_YOUR OBJECTIVE:_ Copy down every line of the data that follows exactly. Omit the pictures.

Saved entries
-------
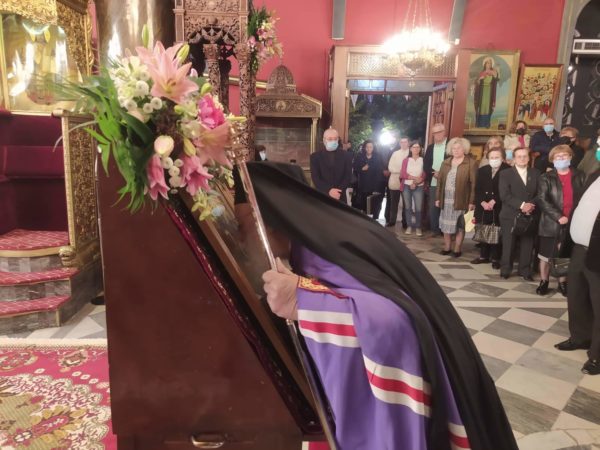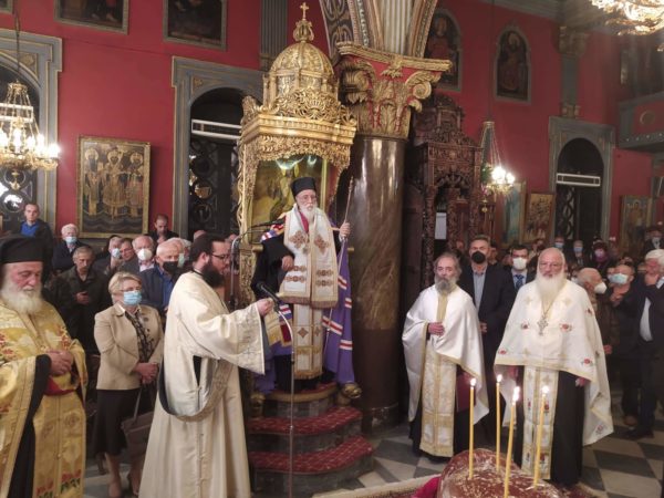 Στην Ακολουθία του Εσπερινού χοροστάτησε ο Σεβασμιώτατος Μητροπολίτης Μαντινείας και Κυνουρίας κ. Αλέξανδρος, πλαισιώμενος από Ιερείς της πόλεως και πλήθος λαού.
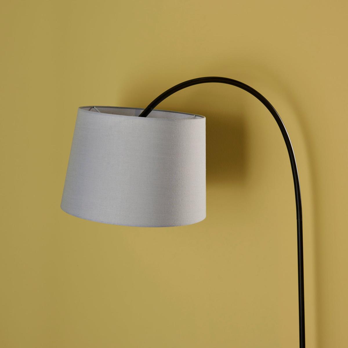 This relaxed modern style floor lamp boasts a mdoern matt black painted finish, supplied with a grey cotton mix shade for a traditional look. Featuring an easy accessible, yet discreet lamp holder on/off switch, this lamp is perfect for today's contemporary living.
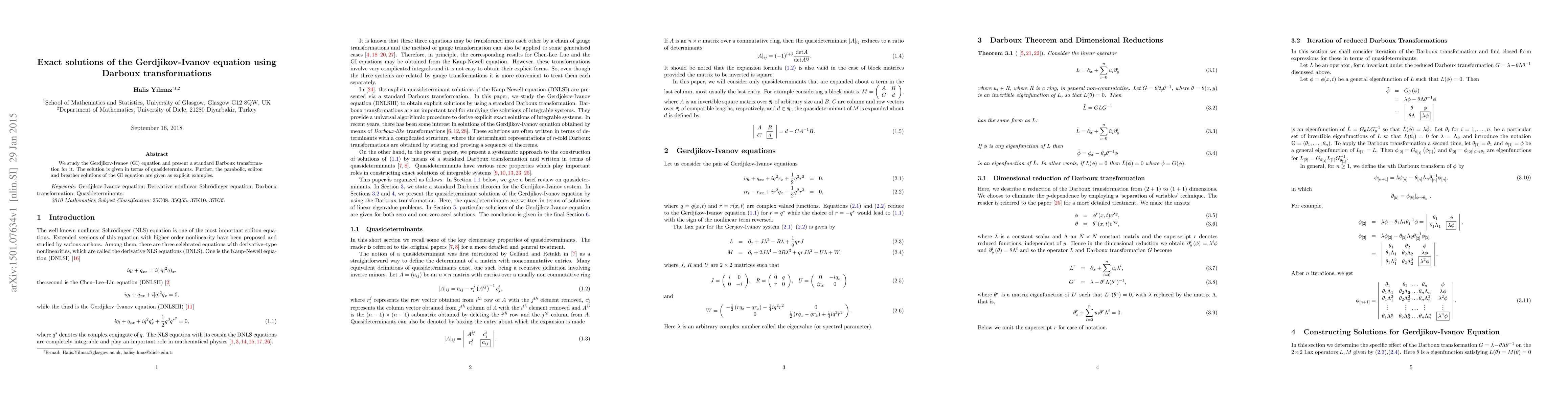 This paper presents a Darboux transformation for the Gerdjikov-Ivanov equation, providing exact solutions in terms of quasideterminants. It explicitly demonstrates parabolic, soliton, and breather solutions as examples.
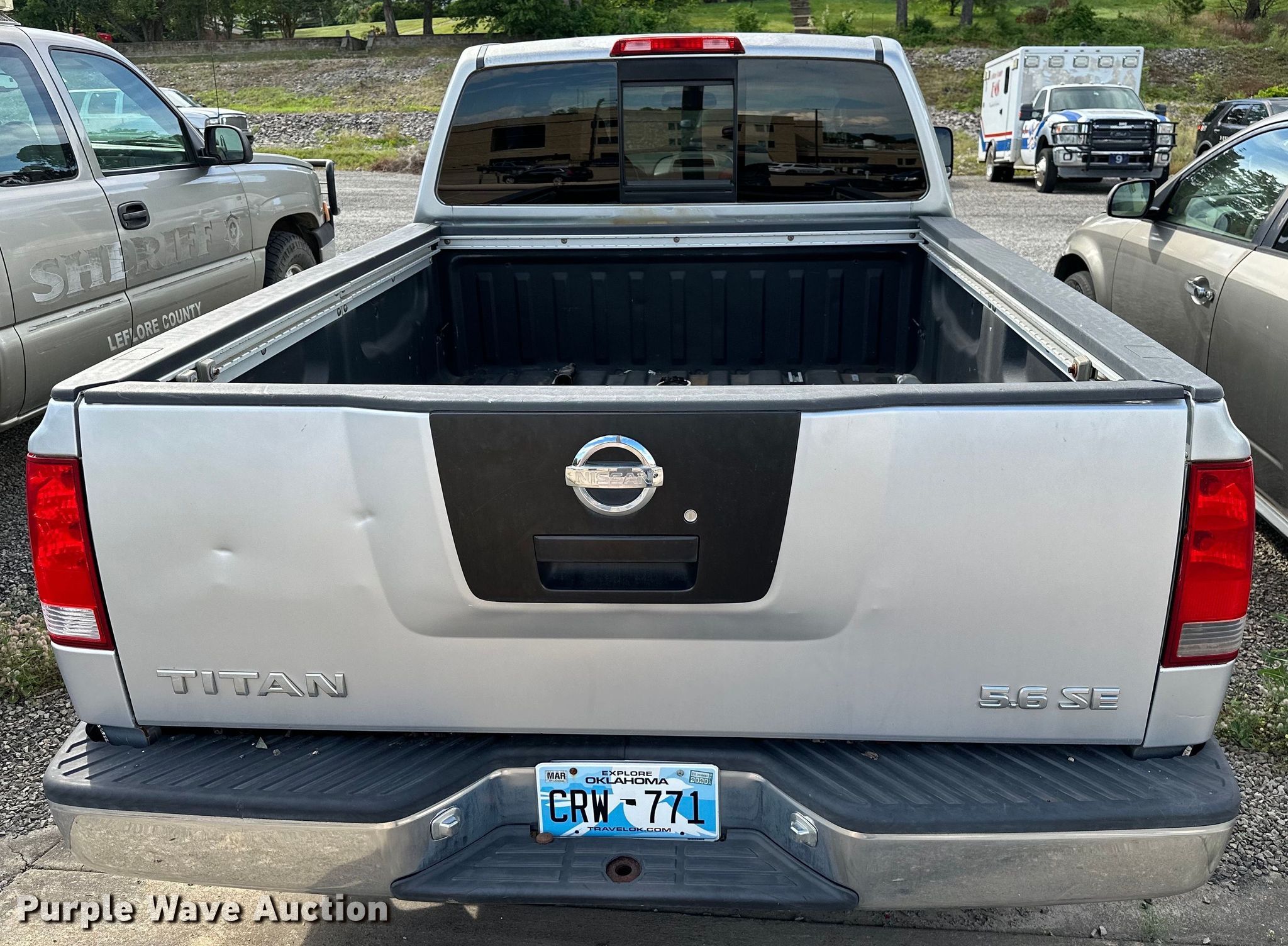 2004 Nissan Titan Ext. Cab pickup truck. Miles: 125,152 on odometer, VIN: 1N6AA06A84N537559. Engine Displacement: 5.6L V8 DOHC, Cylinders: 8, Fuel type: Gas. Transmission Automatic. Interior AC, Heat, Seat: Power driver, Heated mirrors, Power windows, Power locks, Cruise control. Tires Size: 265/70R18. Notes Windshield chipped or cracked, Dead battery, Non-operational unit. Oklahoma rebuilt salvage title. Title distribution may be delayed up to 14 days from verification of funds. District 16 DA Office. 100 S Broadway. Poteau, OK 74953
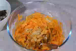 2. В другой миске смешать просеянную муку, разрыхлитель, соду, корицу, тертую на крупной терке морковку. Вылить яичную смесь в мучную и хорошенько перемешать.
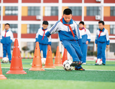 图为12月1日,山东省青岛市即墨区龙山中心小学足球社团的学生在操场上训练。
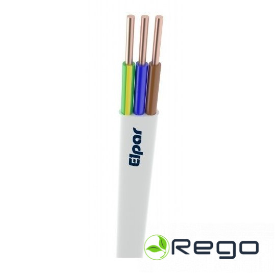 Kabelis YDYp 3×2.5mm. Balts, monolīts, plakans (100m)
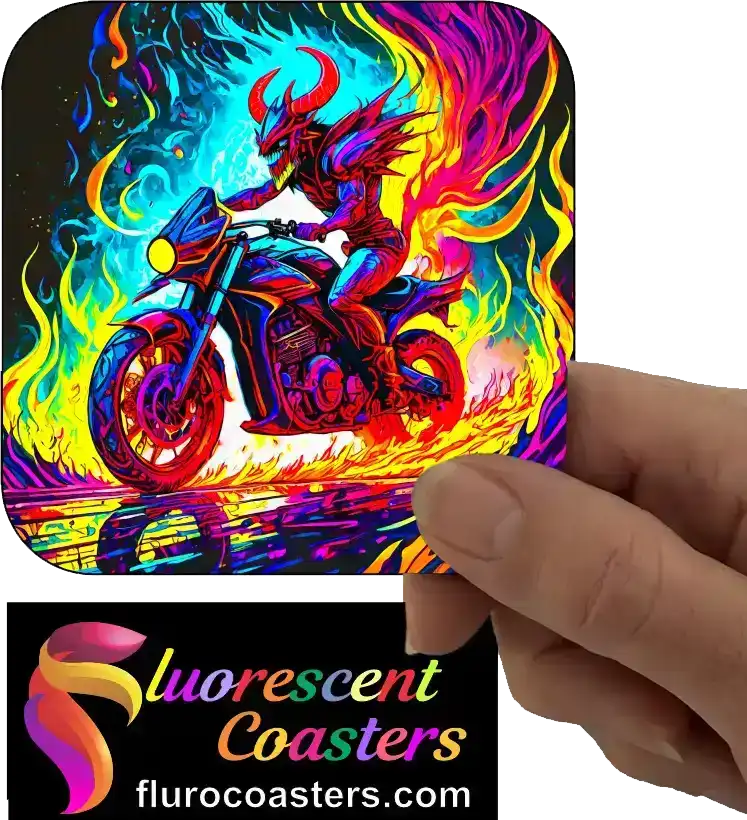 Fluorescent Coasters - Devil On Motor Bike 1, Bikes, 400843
-------
_YOUR RESPONSE:_
 Στην Ακολουθία του Εσπερινού χοροστάτησε ο Σεβασμιώτατος Μητροπολίτης Μαντινείας και Κυνουρίας κ. Αλέξανδρος, πλαισιώμενος από Ιερείς της πόλεως και πλήθος λαού.
 This relaxed modern style floor lamp boasts a mdoern matt black painted finish, supplied with a grey cotton mix shade for a traditional look. Featuring an easy accessible, yet discreet lamp holder on/off switch, this lamp is perfect for today's contemporary living.
 This paper presents a Darboux transformation for the Gerdjikov-Ivanov equation, providing exact solutions in terms of quasideterminants. It explicitly demonstrates parabolic, soliton, and breather solutions as examples.
 2004 Nissan Titan Ext. Cab pickup truck. Miles: 125,152 on odometer, VIN: 1N6AA06A84N537559. Engine Displacement: 5.6L V8 DOHC, Cylinders: 8, Fuel type: Gas. Transmission Automatic. Interior AC, Heat, Seat: Power driver, Heated mirrors, Power windows, Power locks, Cruise control. Tires Size: 265/70R18. Notes Windshield chipped or cracked, Dead battery, Non-operational unit. Oklahoma rebuilt salvage title. Title distribution may be delayed up to 14 days from verification of funds. District 16 DA Office. 100 S Broadway. Poteau, OK 74953
 2. В другой миске смешать просеянную муку, разрыхлитель, соду, корицу, тертую на крупной терке морковку. Вылить яичную смесь в мучную и хорошенько перемешать.
 图为12月1日,山东省青岛市即墨区龙山中心小学足球社团的学生在操场上训练。
 Kabelis YDYp 3×2.5mm. Balts, monolīts, plakans (100m)
 Fluorescent Coasters - Devil On Motor Bike 1, Bikes, 400843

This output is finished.